This tutorial is based on [Spark SQL Guide - Getting started](https://spark.apache.org/docs/latest/sql-getting-started.html).

For this demo we used the city of Vienna trees dataset ("Baumkataster") made available by [Open Data Österreich](https://www.data.gv.at) and downloadable from [here](https://www.data.gv.at/katalog/dataset/c91a4635-8b7d-43fe-9b27-d95dec8392a7) .

# Table of contents
1. [Spark session](#sparkSession)
2. [Spark configuration](#sparkConfiguration)

## Spark session <a name="sparkSession"></a>

We're going to start by creating a Spark _session_. Our Spark job will be named "Python Spark SQL basic example". `spark` is the variable holding our Spark session.

In [1]:
from pyspark.sql import SparkSession
spark = SparkSession \
    .builder \
    .appName("Python Spark SQL basic example") \
    .getOrCreate()

ModuleNotFoundError: No module named 'pyspark'

Read the file into a Spark [_dataframe_](https://spark.apache.org/docs/latest/sql-programming-guide.html#datasets-and-dataframes).

In [None]:
df = spark.read \
          .load("FME_BaumdatenBearbeitet_OGD_20190205.csv",
           format="csv", sep=";", header="true", encoding="iso-8859-1")

**Note:** we assume that the file `FME_BaumdatenBearbeitet_OGD_20190205.csv` is in your local directory. If at this point you get an error message that looks like `AnalysisException: 'Path does not exist` then check your [Spark configuration](#sparkConfig) for how to define the correct file path.

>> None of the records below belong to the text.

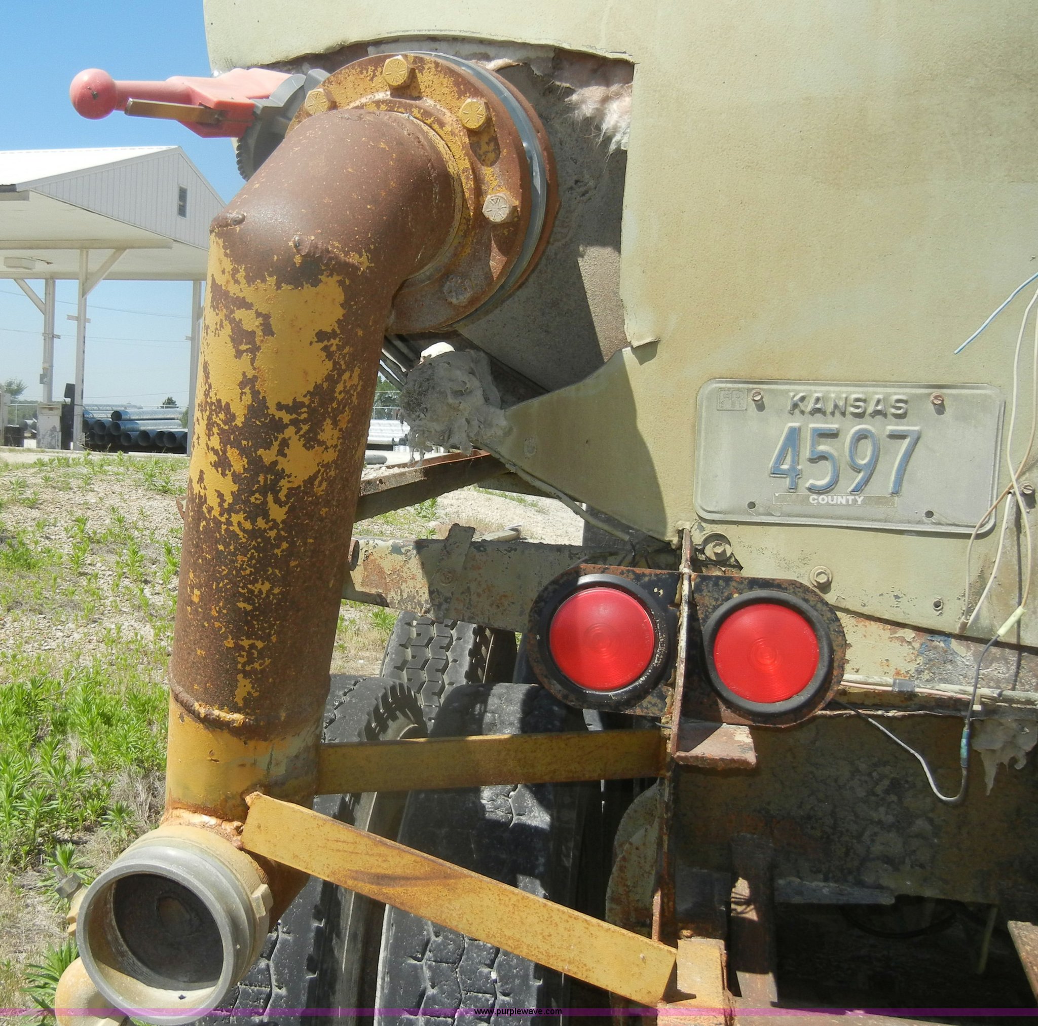 1966 Standard Steel Works water tanker. 6,500 gallon capacity, 10 gauge material, Spring suspension, 8" spray bar Pump driven, 10.00R20 tires Worn, Dents, Body rust, Will not hold water overnight. T41IC40190. Franklin County. 1428 S Main, Suite 2. Ottawa, KS 66067
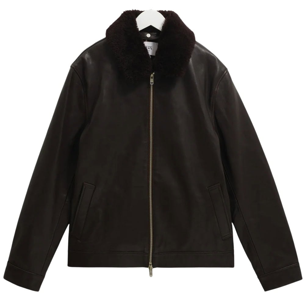- Wax London Kendal – Dark Brown Lamb Leather Flight Jacket
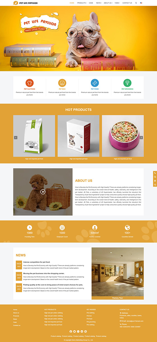 响应式宠物用品狗粮猫粮英文外贸网站模板WN23
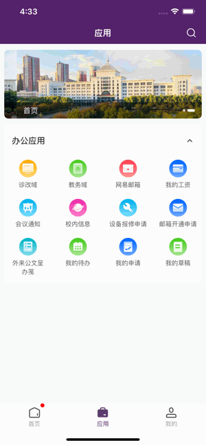 河北旅游职业学院移动办公系统,采用iPhone等智能手持终端设备作为移动终端,通过校园内外、公共场所WiFi环境、移动运营商提供的GPRS、4G、5G等网络,接入学校的网络办公系统,使办公自动化系统的应用摆脱地理空间的约束,实现学校日常工作。通过课表校历、通知公告、会议日程、成绩报告等功能,带给师生不一样的使用体验。
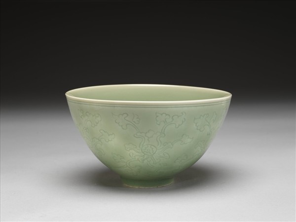 敞口,深壁,矮圈足。胎骨稍厚,通體施滿翠青色釉。以劃花為飾,內壁光素無紋,外壁口沿刻弦紋二道,腹部劃纏枝番蓮六朵。

Show first three lines of Spark dataframe

In [None]:
df.show(3)

For pretty-printing you can use `toPandas()`

In [None]:
df.toPandas().head(3)

Show number of different trees (count German names in `df` and sort by count)

In [None]:
df.groupBy("NameDeutsch").count().orderBy('count', ascending=False).show()

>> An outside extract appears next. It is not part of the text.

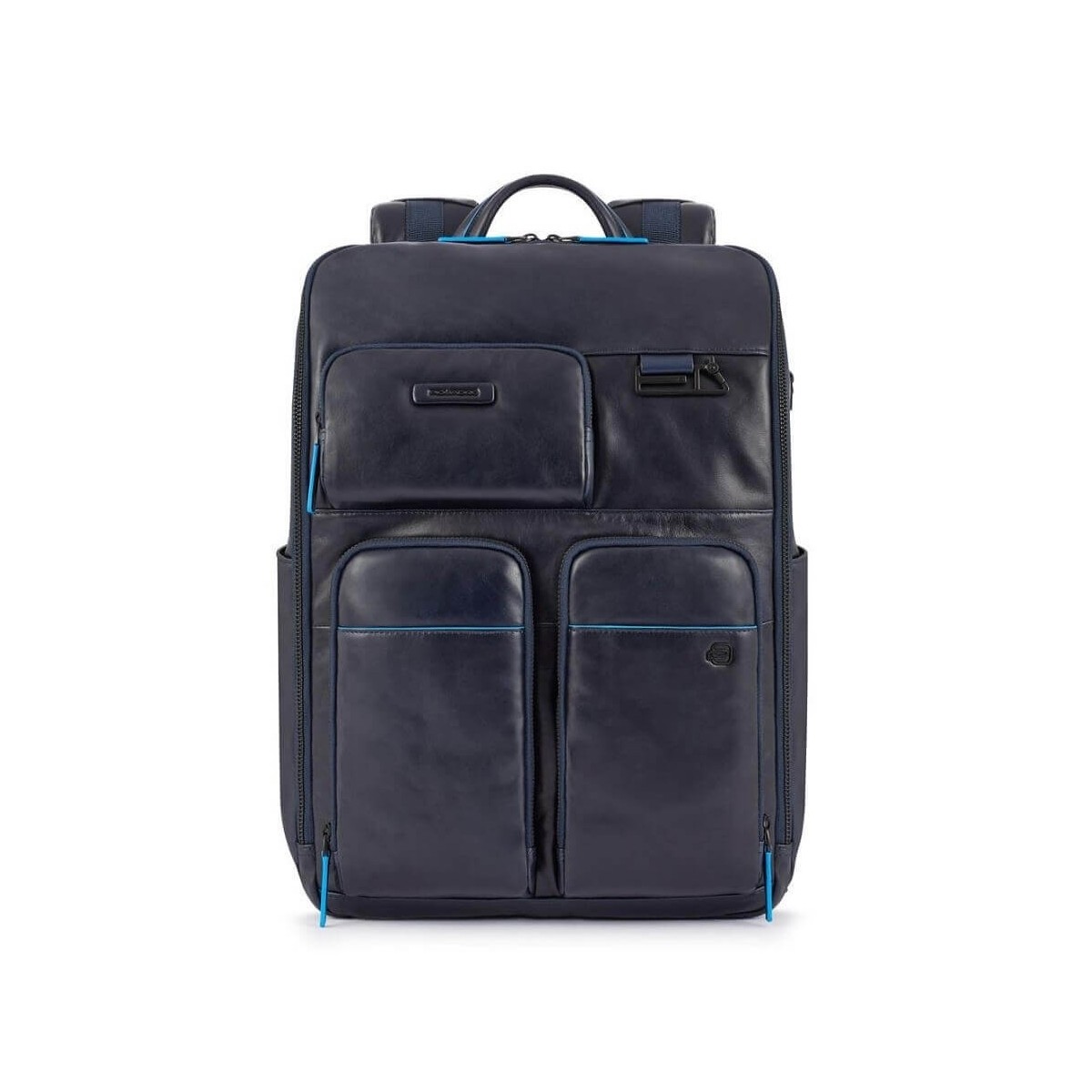 Piquadro Rucksack Blue Square Line aus blauem Leder mit Vordertaschen

An example of SQL query (see [Running SQL Queries Programmatically](https://spark.apache.org/docs/latest/sql-getting-started.html#running-sql-queries-programmatically)): let's sort trees by height ("Hoehe").

In [None]:
df.createOrReplaceTempView("baeume")

In [None]:
spark.sql("SELECT BaumNr, NameDeutsch, Hoehe, lat, lon FROM baeume order  by Hoehe desc").show()

The height data doesn't seem to be up-to-date.

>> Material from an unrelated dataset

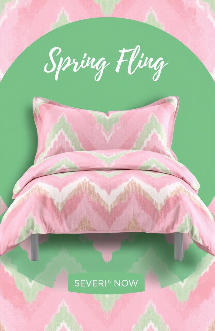Pastel pinks and greens create a fresh, spring-like feel. The batik chevron pattern adds a playful touch.
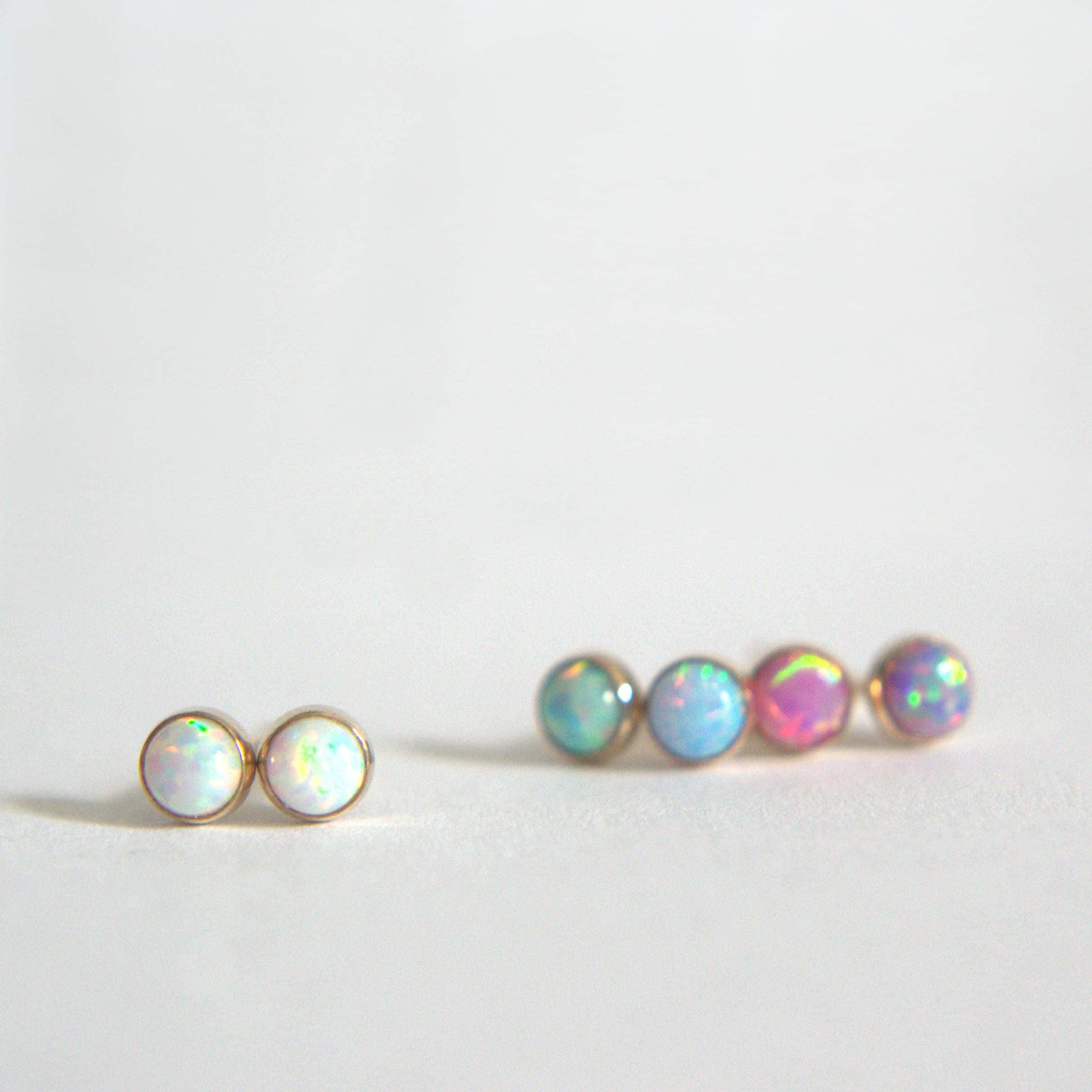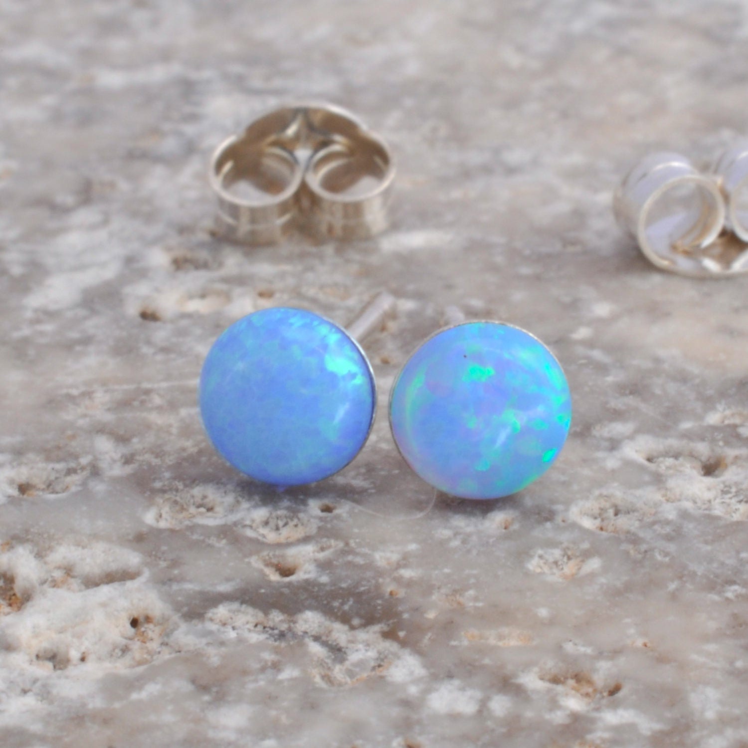 Opal Earrings, Opal Stud Earrings, White Opal Stud Earrings, Blue O...

## Spark configuration <a name="sparkConfiguration"></a>

Spark properties control most application settings and are configured separately for each application. These properties can be set directly on a `SparkConf` passed to your `SparkContext` (from [Apache Spark documentation](https://spark.apache.org/docs/latest/configuration.html#spark-properties)).  

We've already seen how to modify the `SparkConf` when we created our Spark application session with the command:
<pre>
    spark = SparkSession \
    .builder \
    .appName("Python Spark SQL basic example") \
    .getOrCreate()
</pre>

Let us look at the rest of the Spark configuration.

In [None]:
from pyspark.conf import SparkConf
spark.sparkContext._conf.getAll()

The property `spark.app.name` is the name of our app that we just defined.

Another important property is `spark.master`. This defines the _master URL_  for the Spark application. A list of all admissible values for `spark.master` is given here: [master-urls](https://spark.apache.org/docs/latest/submitting-applications.html#master-urls).

In this example the Spark master URL is `local[*]`, this means that our Spark application will run locally with as many worker threads as logical cores on our local machine.

If you have a Hadoop cluster available you can deploy your Spark application on Yarn by setting the option `spark.master = yarn`. Let's do that and then check the Spark configuration once again.

In [None]:
spark = SparkSession \
    .builder \
    .appName("Python Spark SQL basic example") \
    .master('yarn') \
    .getOrCreate()

spark.sparkContext._conf.getAll()

With this configuration our Spark application will run on the Hadoop cluster and its resources will be managed by Yarn.

**Note:** If the Hadoop cluster is configured with HDFS as its default filesystem, then you need to upload your CSV file to Hadoop in order to be able to read it:
<code>
    hdfs dfs -put FME_BaumdatenBearbeitet_OGD_20190205.csv FME_BaumdatenBearbeitet_OGD_20190205.csv
</code>
and then you can just use `.load( ...) ` again.

In [None]:
%%bash
hdfs dfs -put FME_BaumdatenBearbeitet_OGD_20190205.csv
hdfs dfs -ls FME_BaumdatenBearbeitet_OGD_20190205.csv

In [None]:
df = spark.read \
          .load("FME_BaumdatenBearbeitet_OGD_20190205.csv",
           format="csv", sep=";", header="true", encoding="iso-8859-1")

Let's now re-run the previous commands. This time the application is going to be deployed on the cluster.

In [None]:
df.createOrReplaceTempView("baeume")
spark.sql("SELECT BaumNr, NameDeutsch, Hoehe, lat, lon FROM baeume order  by Hoehe desc").show()

**Note:** After you're done, it's important to close the Spark session in order to release cluster resources.

In [None]:
spark.stop()